WHAT YOU ARE ASKED TO DO:
Please restate all of the records word for word, setting the pictures aside.

**** RECORDS FOR THIS TASK ****

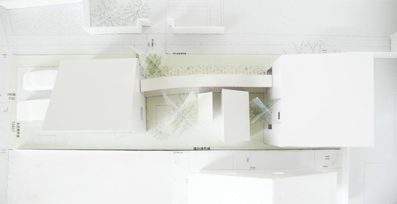 そうすることでできた棟と棟のあいだの外部空間には森が入り込み
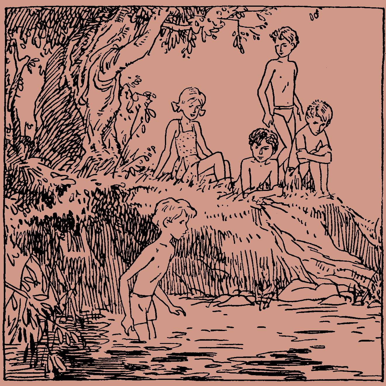 Мальчишки разделись до трусов и, поглядывая друг на друга, столпились на песчаной отмели. Девчонки присели в сторонке.
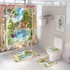 Cortina de Chuveiro Série Praia Oceano Impressão Digital 3D Conjunto de Quatro Peças Espessada Impermeável Espessa Cortina de Banheiro Poliéster Conjunto de Cortina de Chuveiro
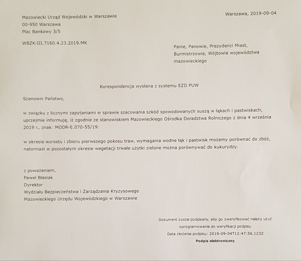 ZABIEGI BURMISTRZ DOTYCZĄCE SKUTKÓW SUSZY SKUTECZNE! JEST ZGODA WOJEWODY DLA GMINY CHORZELE NA SZACOWANIE SZKÓD NA UŻYTKACH ZIELONYCH.
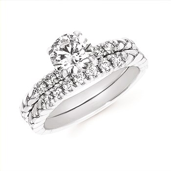 Engagement Ring Modern Bridal: 1/6 Ctw. Diamond Semi Mount shown with 1 Ct. Round Center Diamond in 14K Gold
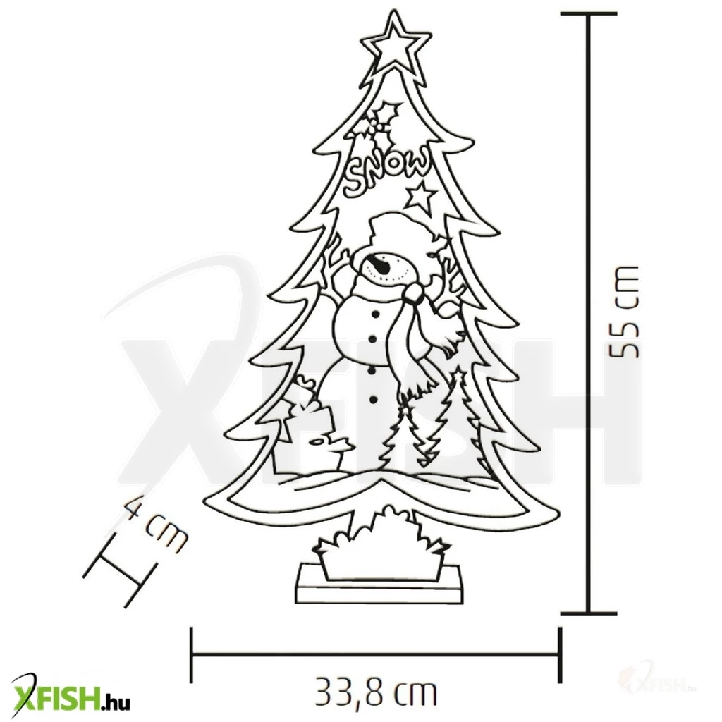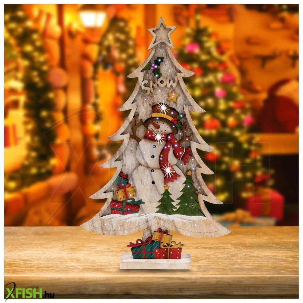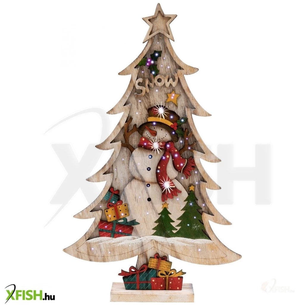 A dísz egy kedves hóember figurát ábrázol egy fehér fenyőfában, és színes, villogó fénypontok díszítik, amelyek garantáltan feldobják a karácsonyi hangulatot. A tápellátásról 2 x 1,5 V (aa) elem gondoskodik, amelyeket külön kell megvásárolnia, mivel azok nem tartozékai a terméknek.

****

ANSWER:
 そうすることでできた棟と棟のあいだの外部空間には森が入り込み
 Мальчишки разделись до трусов и, поглядывая друг на друга, столпились на песчаной отмели. Девчонки присели в сторонке.
 Cortina de Chuveiro Série Praia Oceano Impressão Digital 3D Conjunto de Quatro Peças Espessada Impermeável Espessa Cortina de Banheiro Poliéster Conjunto de Cortina de Chuveiro
 ZABIEGI BURMISTRZ DOTYCZĄCE SKUTKÓW SUSZY SKUTECZNE! JEST ZGODA WOJEWODY DLA GMINY CHORZELE NA SZACOWANIE SZKÓD NA UŻYTKACH ZIELONYCH.
 Engagement Ring Modern Bridal: 1/6 Ctw. Diamond Semi Mount shown with 1 Ct. Round Center Diamond in 14K Gold
 A dísz egy kedves hóember figurát ábrázol egy fehér fenyőfában, és színes, villogó fénypontok díszítik, amelyek garantáltan feldobják a karácsonyi hangulatot. A tápellátásról 2 x 1,5 V (aa) elem gondoskodik, amelyeket külön kell megvásárolnia, mivel azok nem tartozékai a terméknek.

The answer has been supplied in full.